[Collected data]

========================================================================

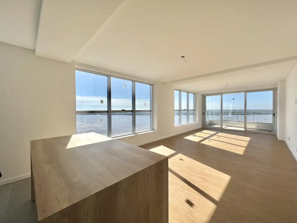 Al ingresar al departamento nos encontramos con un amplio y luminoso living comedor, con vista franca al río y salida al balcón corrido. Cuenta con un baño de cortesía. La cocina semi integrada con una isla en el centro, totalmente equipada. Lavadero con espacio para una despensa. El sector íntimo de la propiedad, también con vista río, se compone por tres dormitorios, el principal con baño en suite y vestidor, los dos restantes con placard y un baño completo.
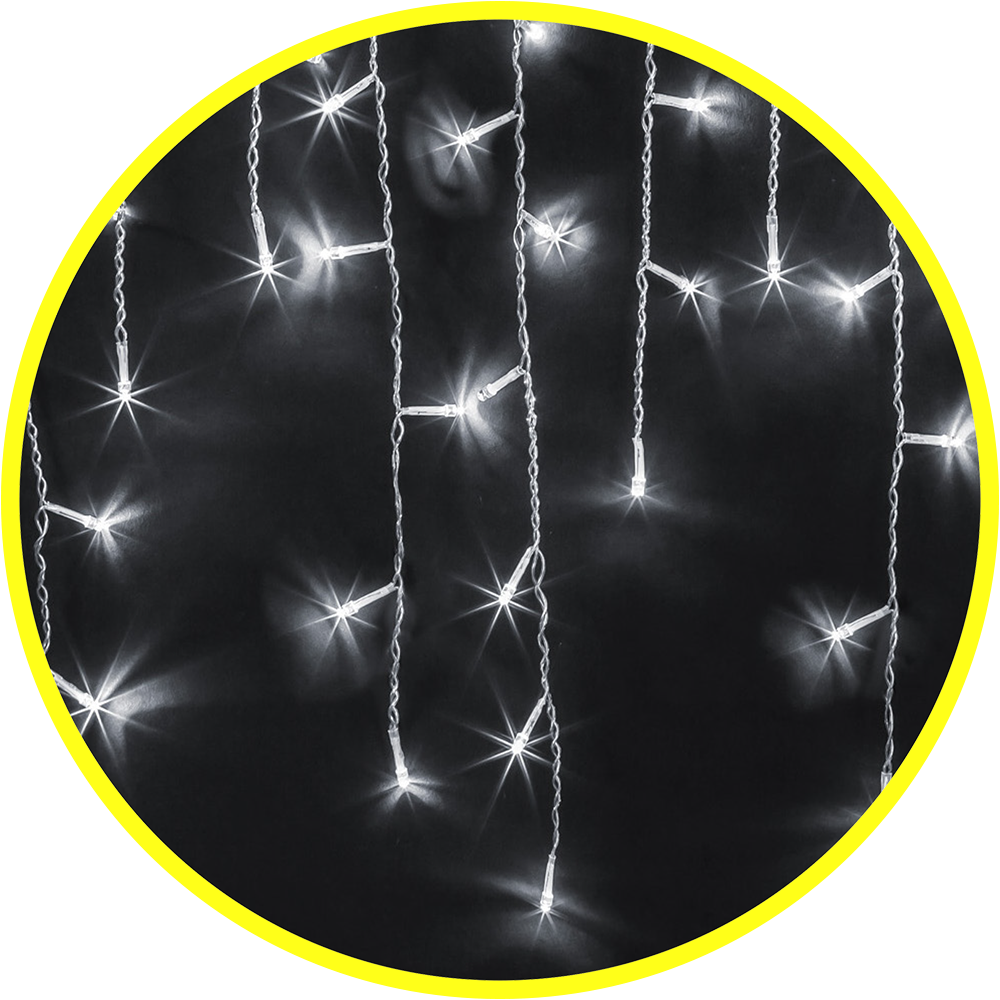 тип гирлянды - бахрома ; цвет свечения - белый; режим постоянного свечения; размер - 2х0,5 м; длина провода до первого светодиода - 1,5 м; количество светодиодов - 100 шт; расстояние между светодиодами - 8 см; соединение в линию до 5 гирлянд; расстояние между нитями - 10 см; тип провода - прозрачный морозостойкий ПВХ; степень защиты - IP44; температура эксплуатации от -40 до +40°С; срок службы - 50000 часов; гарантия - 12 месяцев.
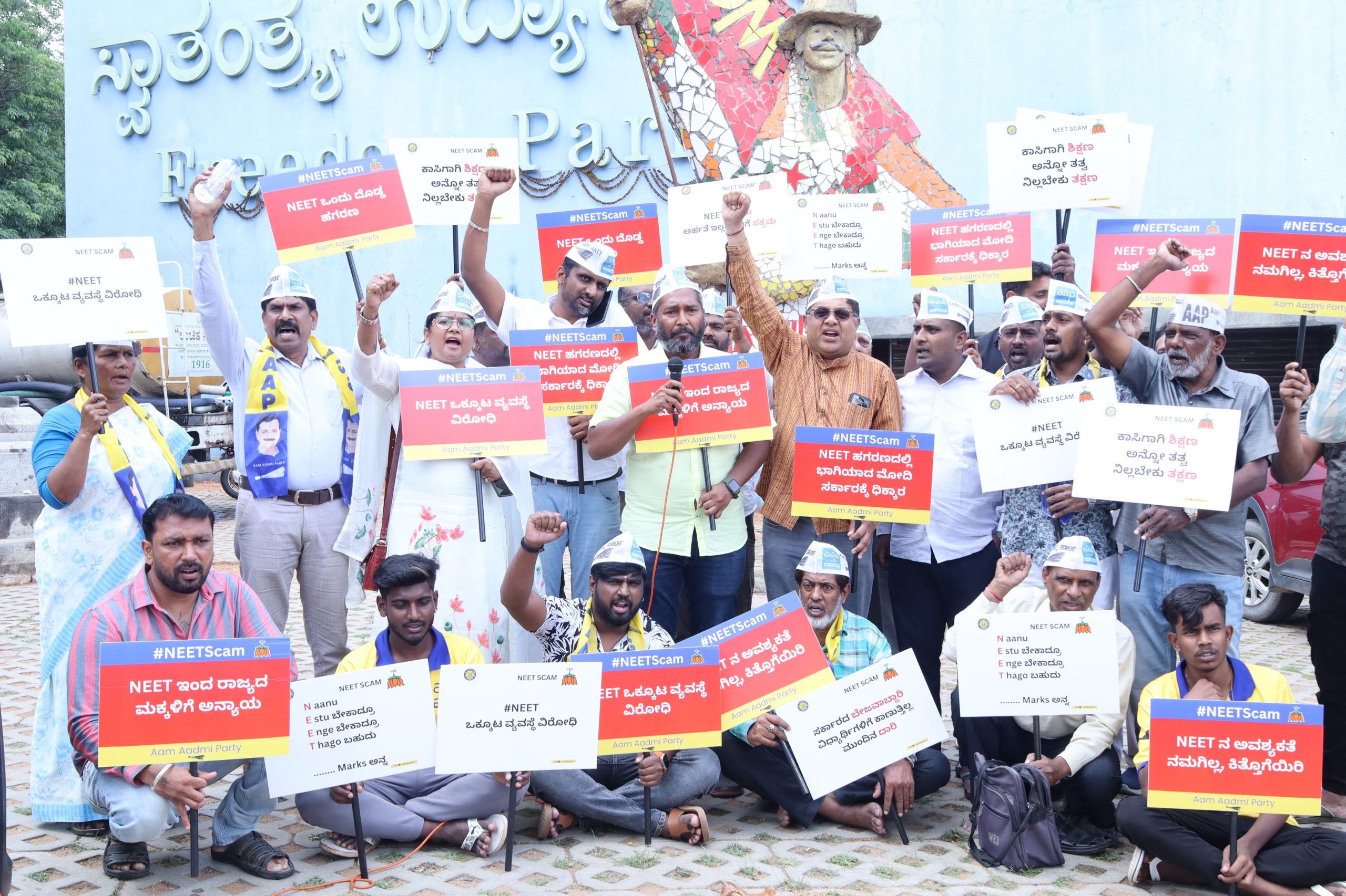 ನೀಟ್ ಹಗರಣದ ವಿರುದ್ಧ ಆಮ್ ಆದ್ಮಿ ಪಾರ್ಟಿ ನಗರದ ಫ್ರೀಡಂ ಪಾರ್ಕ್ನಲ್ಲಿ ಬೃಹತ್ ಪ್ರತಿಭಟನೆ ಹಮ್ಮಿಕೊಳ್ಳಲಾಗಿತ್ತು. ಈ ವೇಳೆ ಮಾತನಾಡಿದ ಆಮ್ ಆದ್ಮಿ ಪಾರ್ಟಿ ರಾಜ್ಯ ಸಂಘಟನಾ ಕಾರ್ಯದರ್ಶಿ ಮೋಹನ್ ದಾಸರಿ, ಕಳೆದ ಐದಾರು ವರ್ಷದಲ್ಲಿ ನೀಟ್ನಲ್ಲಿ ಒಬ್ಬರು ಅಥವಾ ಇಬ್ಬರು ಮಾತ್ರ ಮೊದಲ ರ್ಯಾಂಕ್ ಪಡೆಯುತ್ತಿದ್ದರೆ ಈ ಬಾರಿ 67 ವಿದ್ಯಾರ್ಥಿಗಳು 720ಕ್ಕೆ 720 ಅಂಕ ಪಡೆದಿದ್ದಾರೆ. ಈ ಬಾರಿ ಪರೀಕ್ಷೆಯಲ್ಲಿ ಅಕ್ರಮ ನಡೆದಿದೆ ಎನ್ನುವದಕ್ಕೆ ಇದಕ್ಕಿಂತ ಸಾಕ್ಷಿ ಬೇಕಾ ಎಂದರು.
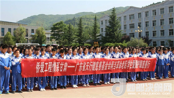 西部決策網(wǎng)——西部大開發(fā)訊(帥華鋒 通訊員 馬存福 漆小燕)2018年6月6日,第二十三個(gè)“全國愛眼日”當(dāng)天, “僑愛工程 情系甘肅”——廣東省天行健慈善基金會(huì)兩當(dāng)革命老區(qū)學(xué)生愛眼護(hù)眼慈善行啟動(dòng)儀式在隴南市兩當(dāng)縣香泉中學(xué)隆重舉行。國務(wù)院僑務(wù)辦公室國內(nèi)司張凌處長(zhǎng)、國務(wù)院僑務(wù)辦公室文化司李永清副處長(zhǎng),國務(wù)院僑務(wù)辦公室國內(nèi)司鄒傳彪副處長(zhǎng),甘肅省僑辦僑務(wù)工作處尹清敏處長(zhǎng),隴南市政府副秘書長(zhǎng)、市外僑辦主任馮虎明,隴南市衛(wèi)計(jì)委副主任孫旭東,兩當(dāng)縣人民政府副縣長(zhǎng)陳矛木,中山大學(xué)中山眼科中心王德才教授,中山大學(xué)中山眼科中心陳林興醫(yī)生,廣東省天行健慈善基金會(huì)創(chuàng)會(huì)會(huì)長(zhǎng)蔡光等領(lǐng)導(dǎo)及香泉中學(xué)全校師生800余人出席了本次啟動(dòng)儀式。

========================================================================

Pictures do not belong in the copy. Reproduce the rest of the data exactly.

[Response to this exercise]
 Al ingresar al departamento nos encontramos con un amplio y luminoso living comedor, con vista franca al río y salida al balcón corrido. Cuenta con un baño de cortesía. La cocina semi integrada con una isla en el centro, totalmente equipada. Lavadero con espacio para una despensa. El sector íntimo de la propiedad, también con vista río, se compone por tres dormitorios, el principal con baño en suite y vestidor, los dos restantes con placard y un baño completo.
 тип гирлянды - бахрома ; цвет свечения - белый; режим постоянного свечения; размер - 2х0,5 м; длина провода до первого светодиода - 1,5 м; количество светодиодов - 100 шт; расстояние между светодиодами - 8 см; соединение в линию до 5 гирлянд; расстояние между нитями - 10 см; тип провода - прозрачный морозостойкий ПВХ; степень защиты - IP44; температура эксплуатации от -40 до +40°С; срок службы - 50000 часов; гарантия - 12 месяцев.
 ನೀಟ್ ಹಗರಣದ ವಿರುದ್ಧ ಆಮ್ ಆದ್ಮಿ ಪಾರ್ಟಿ ನಗರದ ಫ್ರೀಡಂ ಪಾರ್ಕ್ನಲ್ಲಿ ಬೃಹತ್ ಪ್ರತಿಭಟನೆ ಹಮ್ಮಿಕೊಳ್ಳಲಾಗಿತ್ತು. ಈ ವೇಳೆ ಮಾತನಾಡಿದ ಆಮ್ ಆದ್ಮಿ ಪಾರ್ಟಿ ರಾಜ್ಯ ಸಂಘಟನಾ ಕಾರ್ಯದರ್ಶಿ ಮೋಹನ್ ದಾಸರಿ, ಕಳೆದ ಐದಾರು ವರ್ಷದಲ್ಲಿ ನೀಟ್ನಲ್ಲಿ ಒಬ್ಬರು ಅಥವಾ ಇಬ್ಬರು ಮಾತ್ರ ಮೊದಲ ರ್ಯಾಂಕ್ ಪಡೆಯುತ್ತಿದ್ದರೆ ಈ ಬಾರಿ 67 ವಿದ್ಯಾರ್ಥಿಗಳು 720ಕ್ಕೆ 720 ಅಂಕ ಪಡೆದಿದ್ದಾರೆ. ಈ ಬಾರಿ ಪರೀಕ್ಷೆಯಲ್ಲಿ ಅಕ್ರಮ ನಡೆದಿದೆ ಎನ್ನುವದಕ್ಕೆ ಇದಕ್ಕಿಂತ ಸಾಕ್ಷಿ ಬೇಕಾ ಎಂದರು.
 西部決策網(wǎng)——西部大開發(fā)訊(帥華鋒 通訊員 馬存福 漆小燕)2018年6月6日,第二十三個(gè)“全國愛眼日”當(dāng)天, “僑愛工程 情系甘肅”——廣東省天行健慈善基金會(huì)兩當(dāng)革命老區(qū)學(xué)生愛眼護(hù)眼慈善行啟動(dòng)儀式在隴南市兩當(dāng)縣香泉中學(xué)隆重舉行。國務(wù)院僑務(wù)辦公室國內(nèi)司張凌處長(zhǎng)、國務(wù)院僑務(wù)辦公室文化司李永清副處長(zhǎng),國務(wù)院僑務(wù)辦公室國內(nèi)司鄒傳彪副處長(zhǎng),甘肅省僑辦僑務(wù)工作處尹清敏處長(zhǎng),隴南市政府副秘書長(zhǎng)、市外僑辦主任馮虎明,隴南市衛(wèi)計(jì)委副主任孫旭東,兩當(dāng)縣人民政府副縣長(zhǎng)陳矛木,中山大學(xué)中山眼科中心王德才教授,中山大學(xué)中山眼科中心陳林興醫(yī)生,廣東省天行健慈善基金會(huì)創(chuàng)會(huì)會(huì)長(zhǎng)蔡光等領(lǐng)導(dǎo)及香泉中學(xué)全校師生800余人出席了本次啟動(dòng)儀式。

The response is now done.